Perhaps we shouldn’t have been so surprised by Sesemann’s determined focus as he owns a dog called ‘Kipchoge’. Like the Kenyan master, Sesemann seemed undaunted by those around him as he emerged at the head of a 14-strong field of Britons to take the crown in 2:12:58, just missing the 2022 World Championship qualifying mark of 2:11:30.

For her part, Purdue was well inside the Worlds standard with 2:23:26, winning the domestic battle by more than three minutes as she became the third-fastest British woman ever, behind Paula Radcliffe and Mara Yamauchi.

The 30-year-old regained the UK crown she won on this course in 2019, and sent a stark message to the British Olympic selectors who had left her out of this year’s Tokyo Games.

“I feel like I did deserve a place, but I put it behind me and focused on today’s race,” she said. “Now I’m going forwards, and all is looking good for next summer and a qualifying time for the Worlds.”

The only slight blemish on a superb day for Purdue was missing her pre-race target of leaping to number two on the UK all-time list ahead of Yamauchi’s 2:23:12.

“I did miss my A-goal,” said Purdue. “My pace dropped a bit, but I carried on and I ground it out.”

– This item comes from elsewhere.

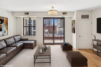 This sleek and contemporary one-bedroom, one-bathroom condo is located in the heart of Chicago's vibrant River North neighborhood, offering the perfect blend of modern comfort and urban convenience. Step into an open-concept living space featuring brand new flooring and abundant natural light due to the Southern exposure. The well-appointed kitchen is outfitted with stainless steel appliances, granite countertops, large island, and ample cabinetry, making it as functional as it is attractive. The spacious living area flows seamlessly onto a private balcony-perfect for enjoying your morning coffee or unwinding after work with golden hour views of the city. The generously sized bedroom easily fits a king sized furniture set and includes a walk-in closet and full en-suite bathroom finished with modern fixtures and dual vanity. For added convenience, the unit includes in-unit laundry and one secure garage parking space. Residents of this full-amenity building enjoy 24-hour door staff, a fitness center, pet-friendly policies, and additional storage. Located just minutes from the Chicago River, top-tier restaurants, galleries, nightlife, and public transit, this home places you at the center of everything River North has to offer. Don't miss your chance to own a stunning condo in one of the city's most dynamic neighborhoods.

She did so with aplomb. Setting off alongside her training partner, Australian super veteran Sinead Diver, she was paced by Eilish McColgan, whose mother, Liz, the 1996 London champion, had started the race.

The 44-year-old Diver finished 10th in the Tokyo Olympic marathon in August and provided a perfect race mate in the early stages. But Purdue soon powered on alone towards her target.

“The last six miles were very tough, with my quads cramping but then I felt good again,” she said. “It was great to execute my plan on the day.”

No one else could get close, but Rose Harvey was the closest, the 29-year-old breaking the 2:30 barrier for the first time as she clocked 2:29:45, an agonising 15 seconds outside the Worlds standard.

Samantha Harrison also smashed her PB, the rising talent finishing third in 2:32:22, almost 20 minutes inside her previous best.

While Purdue fulfilled her favourite tag in the women’s race, Sesemann’s victory was a seismic shock to the men’s. Indeed, Mellor had been hot-tipped to win after his impressive rain-swept victory last year and a personal best of 2:10:05 from Seville 18 months ago.

But the defending champion faded in the second half as Sesemann took it on. For a while the Leeds City athlete looked on course for the Worlds, but the final miles took their toll on the marathon first-timer.

“The last six miles were a death march,” he said. “It was just really difficult to get the pain out of my head. The headwind was really strong and I was just employing damage limitation at a solid pace.

“I am disappointed to miss the World Championship time but it’s my birthday today, so it’s been a 10 out of 10 result for me.

I work in A&E at St James’s Hospital in Leeds and my colleagues have been incredible in supporting me in the build-up,” he added. “Today has been special to share it with my friends, family and colleagues, they have enabled me to reduce my hours and reduce my risk from Covid so I can continue training.

“Now I’m really looking forward to seeing my family and friends, and my girlfriend Jess and my dog, Kipchoge.”

Behind Sesemann, 2017’s shock winner Joshua Griffiths emerged to take second in 2:13:39, with Matthew Leach third Briton in 2:15:31, a personal best for him too.